PROBLEM DETAILS
For each entry, return the text exactly and omit any image.

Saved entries

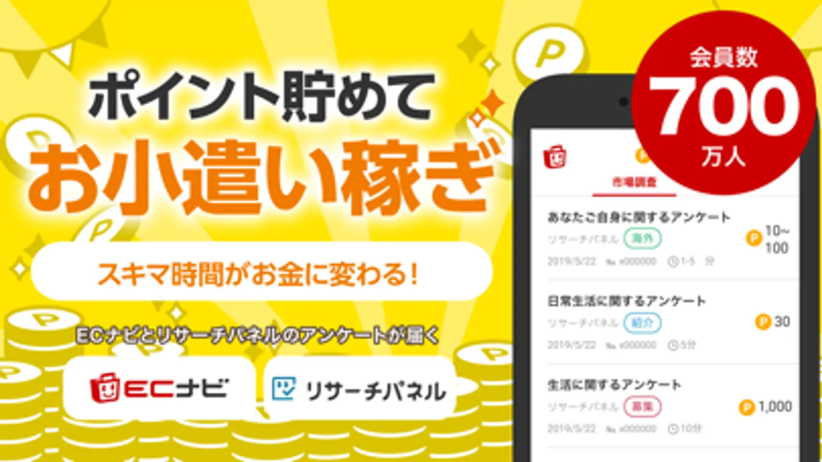 777万人以上が登録するポイントサイト「ECナビ」のアンケートアプリ。
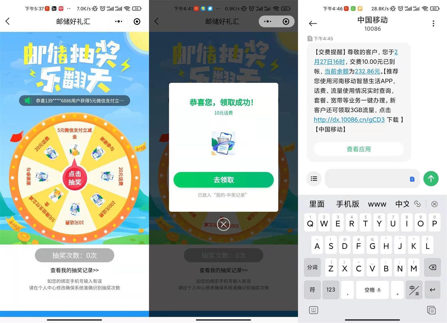 1、微信小程序搜索“邮储好礼汇”->点中间达标有礼进去抽奖->如果没机会就用邮政给微信充38元
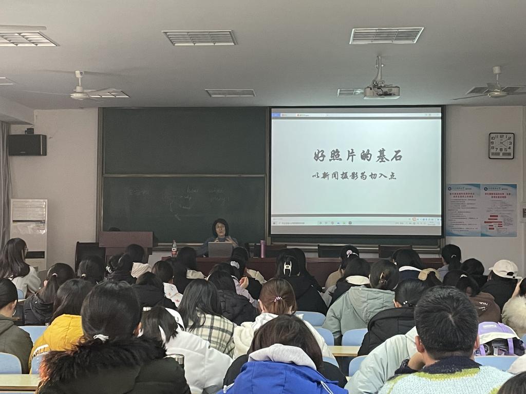 史老师以如何拍出“好”照片为主题,将新闻摄影(纪实摄影)做为切入点展开本次讲座。提出:明确的主体、鲜明的主题、有代表性的瞬间以及合适的表达方式是一张优秀照片应该具备的四大特征。同时,她强调,同学们在日常拍摄活动中要自觉注意拍摄角度、构图等,不断锻炼摄影思维,学会用摄影语言表达思想。
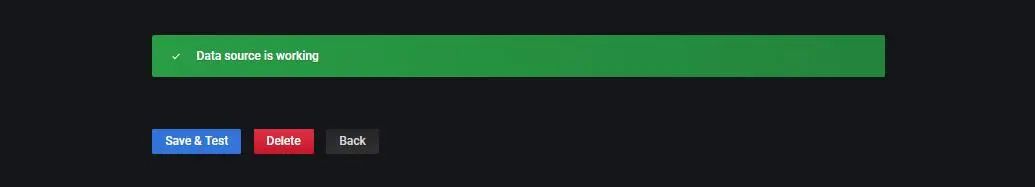 点击 Save & Test 对添加的数据源进行检测,显示 Data source is working 即表示成功
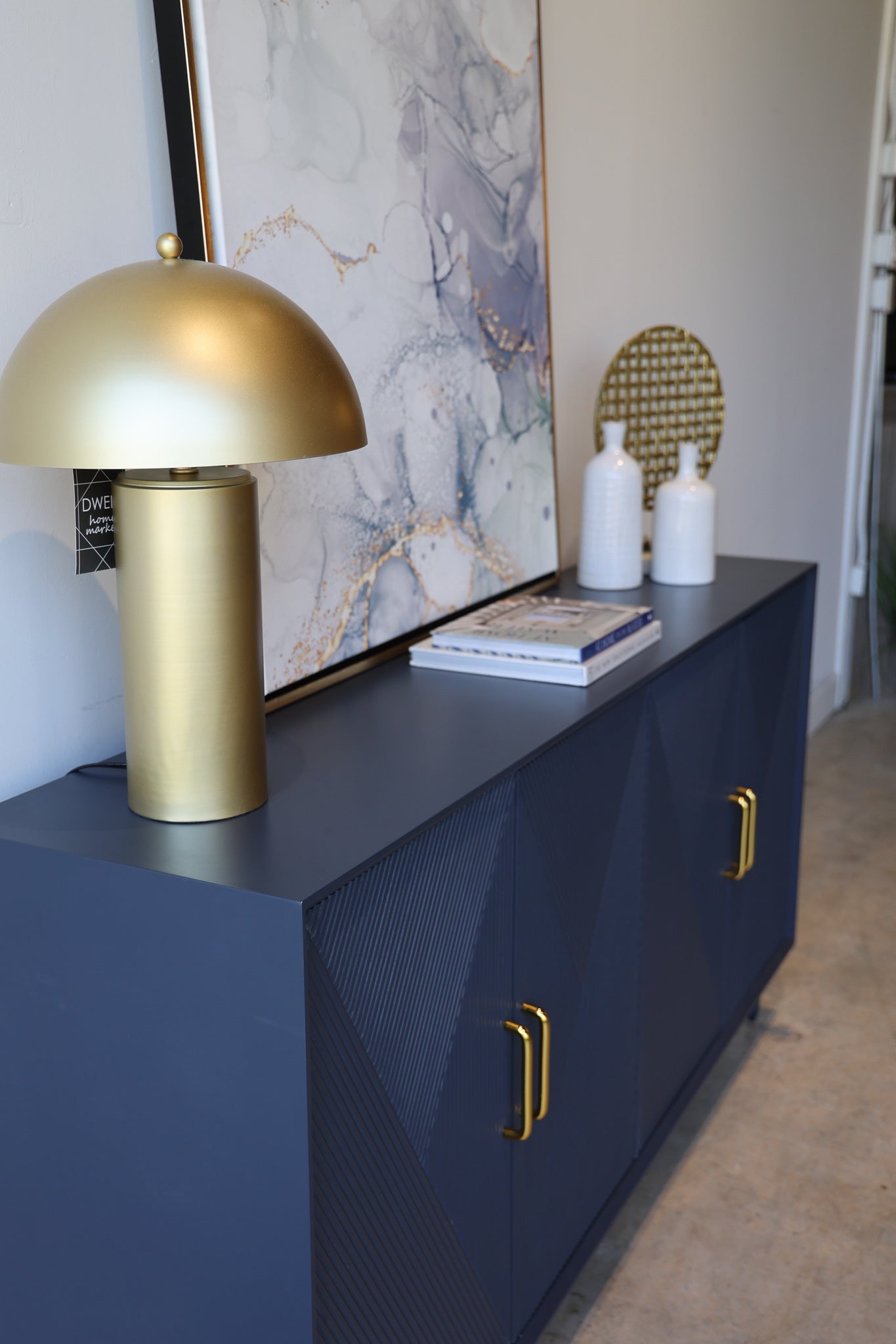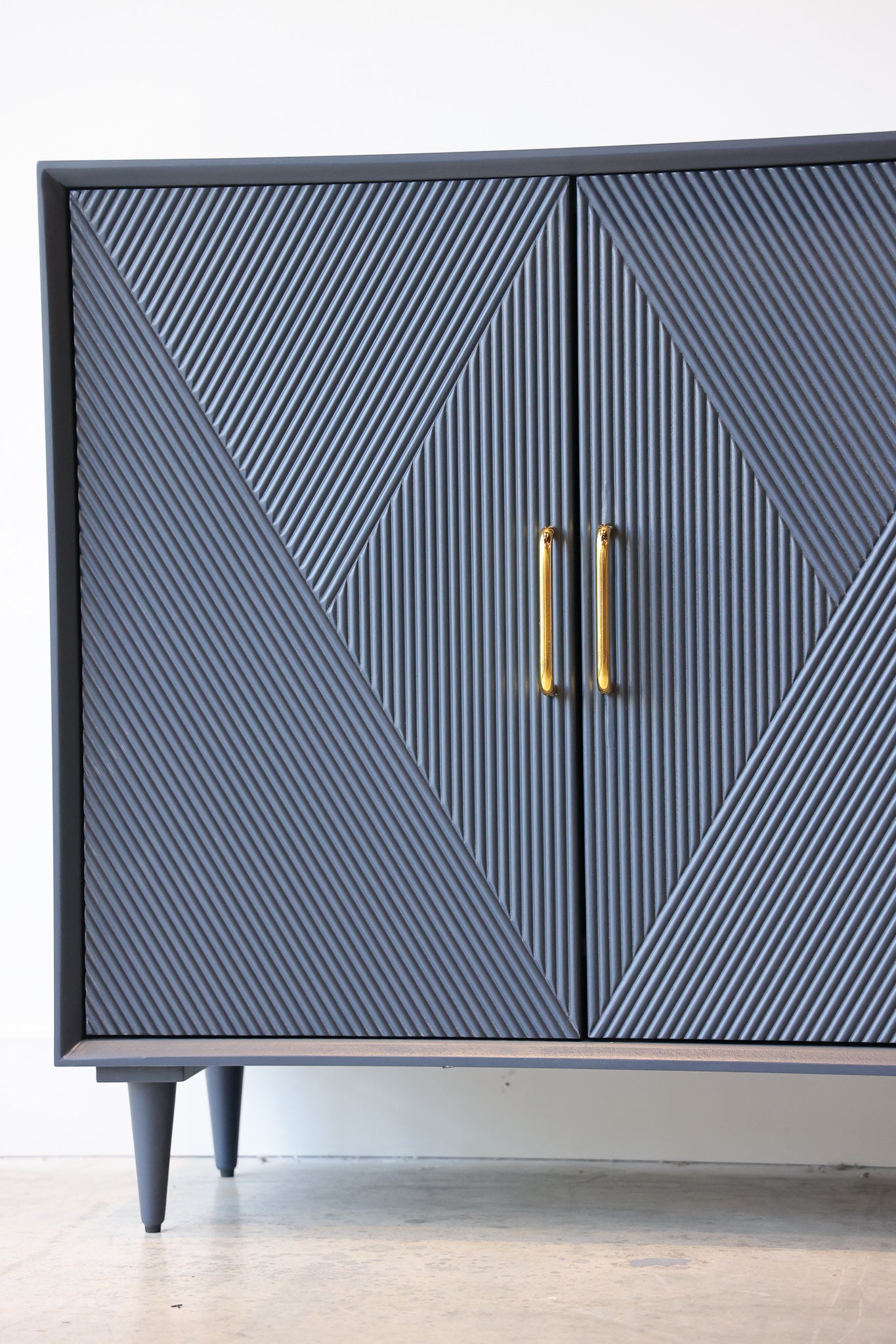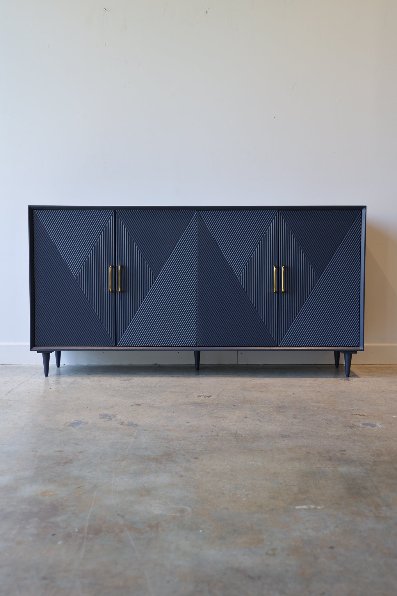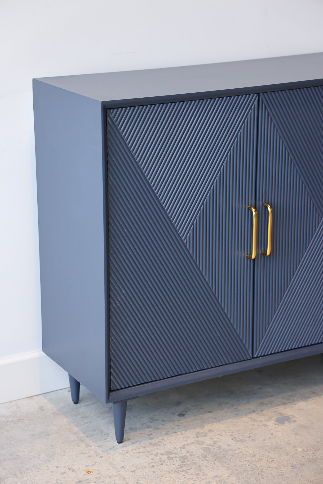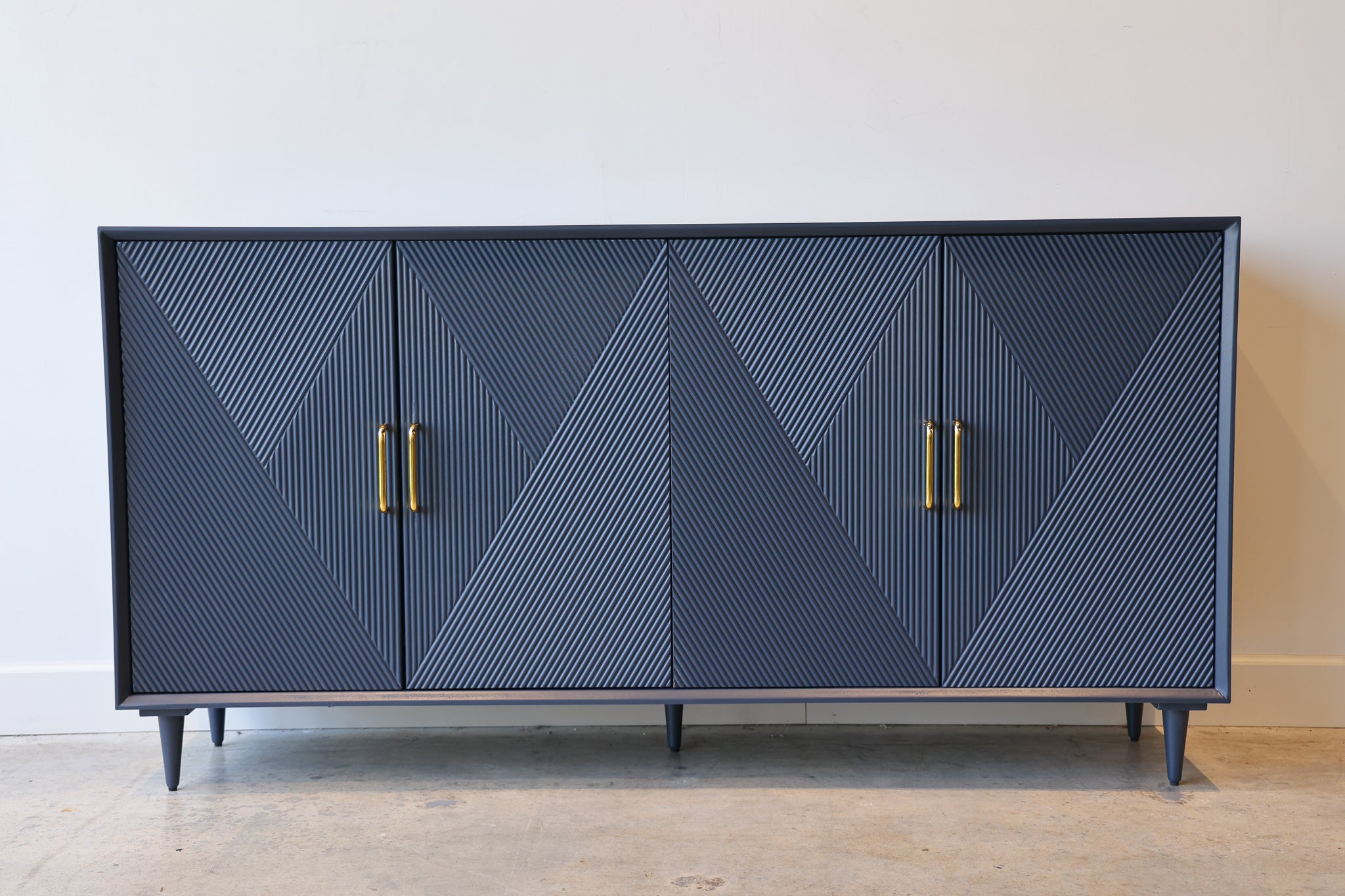 Add sleek mid-century charm to your room with the Phoebe blue wood credenza. This sideboard has a vintage diamond pattern with gold handles that give your living room or dining room a pop of color, along with plenty of storage.
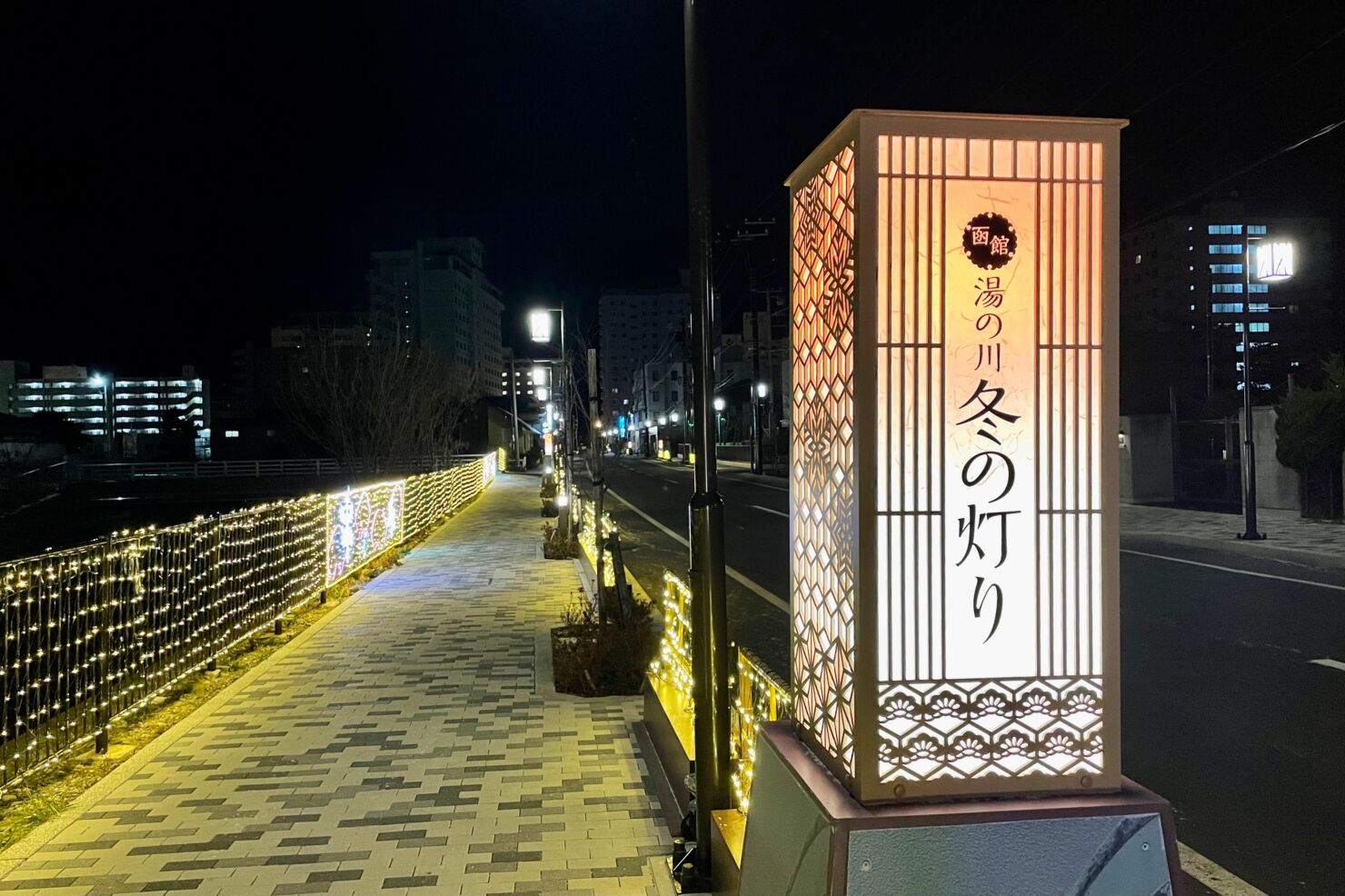 北海道三大温泉郷のひとつとして数えられる湯の川温泉。その温泉街が色鮮やかな光に包まれます。イルミネーションエリアは、ゆっくり足湯を楽しむことができる”湯巡り舞台”から鮫川沿いの道路で、片道10分程度の道のりです。日本伝統の木工技術「組子」文様をイメージした灯篭をメインに「和とモダン」が融合された煌びやかな光の競演を楽しむことができます。

EXERCISE SOLUTION
 777万人以上が登録するポイントサイト「ECナビ」のアンケートアプリ。
 1、微信小程序搜索“邮储好礼汇”->点中间达标有礼进去抽奖->如果没机会就用邮政给微信充38元
 史老师以如何拍出“好”照片为主题,将新闻摄影(纪实摄影)做为切入点展开本次讲座。提出:明确的主体、鲜明的主题、有代表性的瞬间以及合适的表达方式是一张优秀照片应该具备的四大特征。同时,她强调,同学们在日常拍摄活动中要自觉注意拍摄角度、构图等,不断锻炼摄影思维,学会用摄影语言表达思想。
 点击 Save & Test 对添加的数据源进行检测,显示 Data source is working 即表示成功
 Add sleek mid-century charm to your room with the Phoebe blue wood credenza. This sideboard has a vintage diamond pattern with gold handles that give your living room or dining room a pop of color, along with plenty of storage.
 北海道三大温泉郷のひとつとして数えられる湯の川温泉。その温泉街が色鮮やかな光に包まれます。イルミネーションエリアは、ゆっくり足湯を楽しむことができる”湯巡り舞台”から鮫川沿いの道路で、片道10分程度の道のりです。日本伝統の木工技術「組子」文様をイメージした灯篭をメインに「和とモダン」が融合された煌びやかな光の競演を楽しむことができます。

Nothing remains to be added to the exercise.